Telemedicine outcomes similar to in-person visits for bariatric presurgical appointments
The researchers looked at a range of outcomes in both groups related to bariatric surgery, with participants followed for 60 days following the surgery. For those who had a remote evaluation, the average operating room delay was 7.8 minutes, compared with 4.2 minutes for those who had an in-person evaluation. The average length of the surgery was 134.4 minutes for those with a remote evaluation, compared with 105.3 minutes, and the average length of the hospital stay was 1.9 days compared with 2.1 days. The rate of major adverse events (such as infection or other surgical complications) within 30 days was 3.8% in the remote group and 1.6% in the in-person group, and from days 31 to 60 it was 2.2% compared with 1.6%. The rate of emergency room visits within 30 days was 18.8% in the remote group compared with 17.9% in the in-person group, and the rate of hospital readmission within 30 days was 10.1% compared with 6.6%.

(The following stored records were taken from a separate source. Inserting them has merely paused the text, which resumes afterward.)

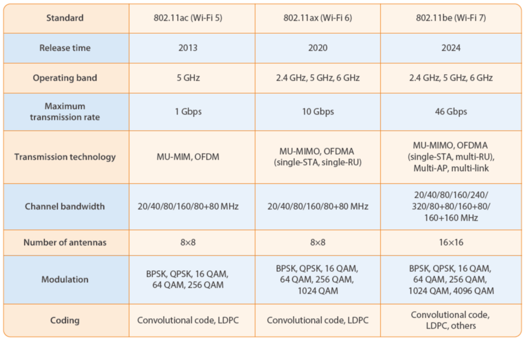 Standardizasyonu hala erken bir aşamada olan Wi-Fi 7 (802.11be), son derece yüksek verim sağlamayı ve düşük gecikmeli hizmetleri desteklemeyi hedefliyor. Teorik olarak, 4096 QAM, 320 MHz, 16×16 MU-MIMO ve EHT girişini içeren EHT PHY spesifikasyonu aracılığıyla yüksek verim ve düşük gecikme gerçekleştirilebilir. Ancak uygulamada, lisanssız spektrum, parazit ve yüksek ek yük nedeniyle, EHT PHY tek başına son kullanıcılar için önemli verim ve gecikme kazanımları sağlayamaz. Bu nedenle TGbe, gelişmiş EDCA, esnek OFDMA, çoklu bağlantı işlemi ve azaltılmış kanal sesi gibi diğer önemli yenilikleri de araştırıyor.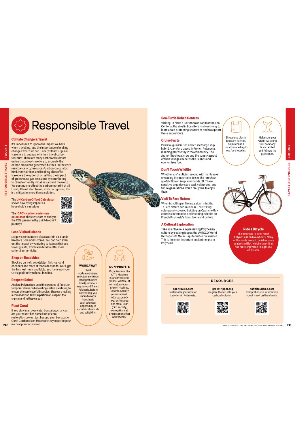 Essential information toolkit containing tips on arriving, transport, local etiquette, using money, LGBTIQ+ travel advice, useful words and phrases, accessibility and responsible travel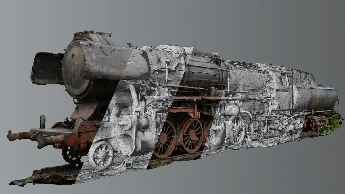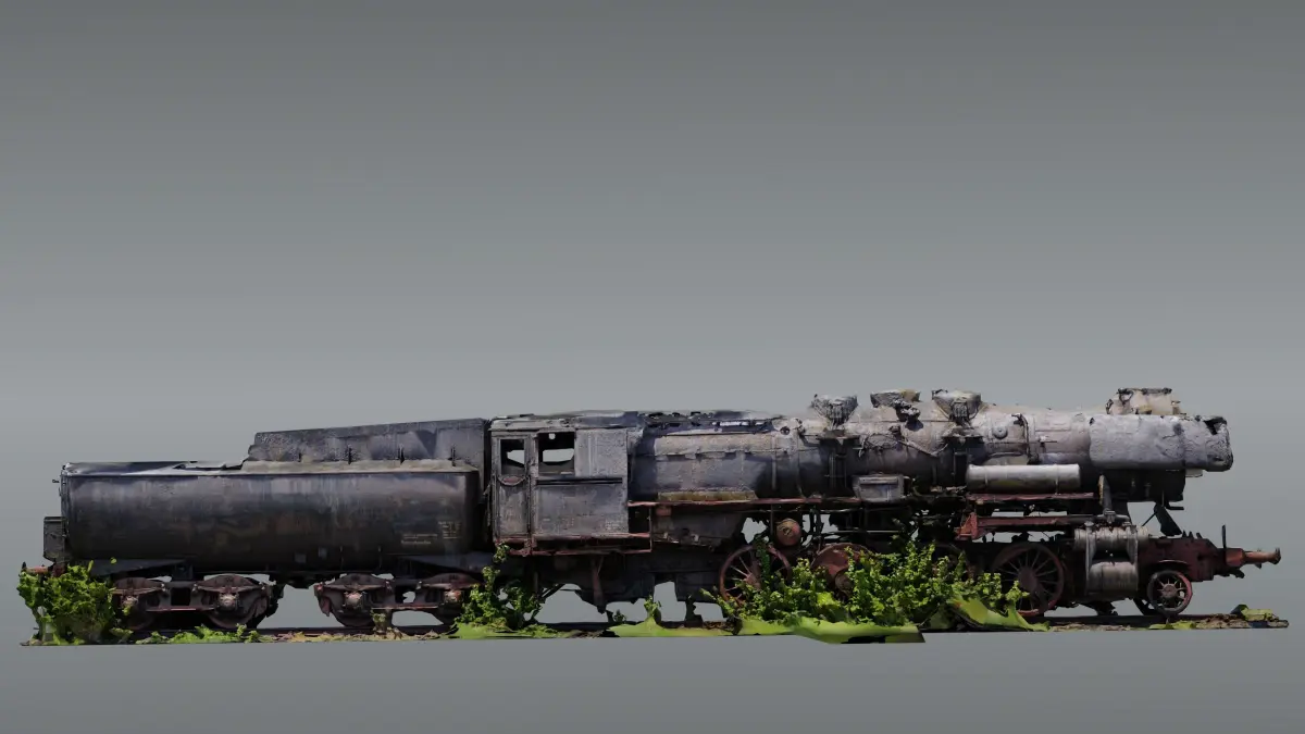 Model of an abandoned rusty steam locomotive. Model is rather low poly with ~ 58.000 vertices for a model this detailed. Diffuse and normal map in 16K, roughness and ao in 4K, all in JPEG format.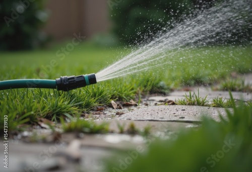 Naklejka premium Garden hose left running on patchy grass, creating a refreshing scene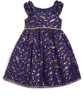 Flutter sleeves and a cosmic foil print elevate this fit-and-flare party dress that'll make sure they shine bright at their next special event.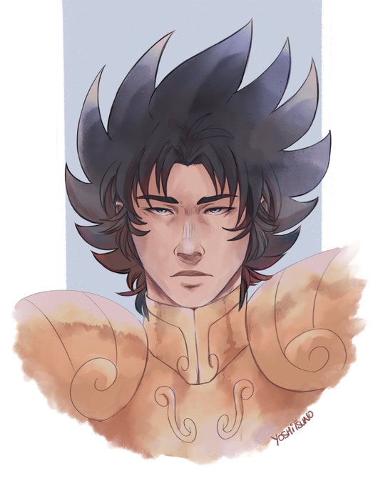 #山羊座のシュラ生誕祭2023(1/12) 「#聖闘士星矢」より、#カプリコーンのシュラ さん。 「潔く死ね!このシュラの聖なる剣、エクスカリバーで!」 久しぶりにゴールドクロス描いたら、なんか前より塗り方が下手になった気がする😇 #みんなで楽しむTwitter展覧会 #絵描きさんと繋がりたい #イラスト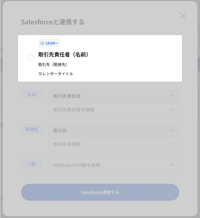 - 候補を選択し[Salesforce連携する]ボタンをクリック/タップすることで、「名前」「関連先」に紐づく新規の行動レコードが作成され、bellSalesAIのログ情報が連携されます。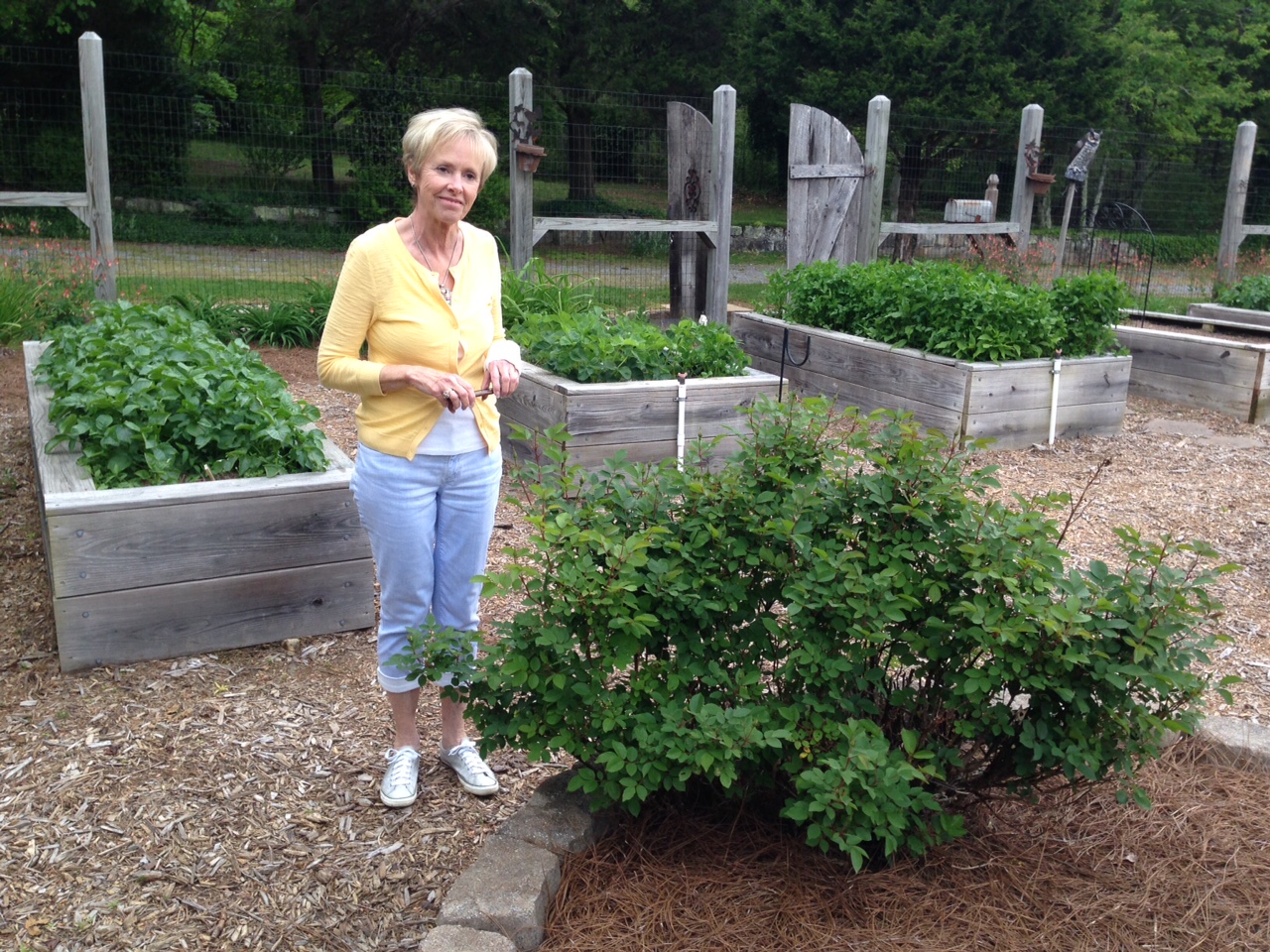 Charlotte spends the majority of her time in our garden with the flowers.  It is really cold on Lookout Mountain in the wintertime.  The blooms in the winter include camellias, several forms of daffodils, flowering kale and some annual pansies.  In the spring the flower garden comes to life with the peonies, multiple kinds of iris, knock out roses, ice plants, foxgloves, clematis, amaryllis, day lilies, calla lilies, ginger lilies, button plants, columbine, oak leaf hydrangea, butterfly bushes, red-hot poker, verbena, hosta, yarrow, trillium, campion rose (lychnis coronaria), gerbera daisies, carpet roses, pineapple sage, thrift, honeysuckle, snowball bush and many other perennials. These are complemented with summer annuals such as sun flowers, marigolds, geraniums (which we winter over), lantana, vinca, hibiscus, portulaca, sultana, zinnia, mandevilla and many others.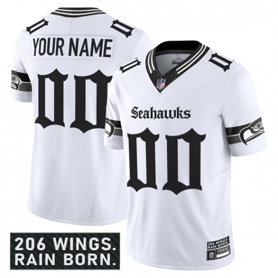 Men's Seattle Seahawks Active Player Custom White 2025 F.U.S.E. 'Gothic Rain City Shadows Edition' Vapor Limited Stitched Jersey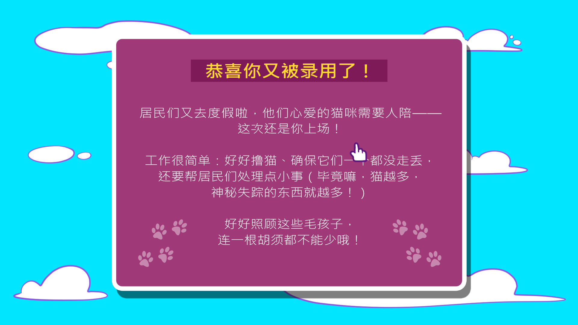 总体来说,《满是猫的大楼2》不仅考验眼力和耐心,还充满了惊喜和挑战。虽然一开始可能会觉得有点难,但随着熟悉楼层和住户的规律,一定能顺利通关。对于喜欢解谜和收集的小玩家来说,这款游戏绝对值得一试!

In all of these areas, the remote evaluation group was considered to have outcomes that were not worse in any meaningful way than the group than had an in-person evaluation. Only one person died, which occurred within 30 days of surgery and was a member of the in-person group, as noted in an article on the study at MedPage Today.
“Telemedicine may expand the reach of bariatric surgery and narrow disparities for historically disinvested patient populations,” the researchers wrote. “Further investigations should focus on geographical differences between telemedicine and traditional, in-person patient populations and ensure both patient and clinician satisfaction” with remote visits.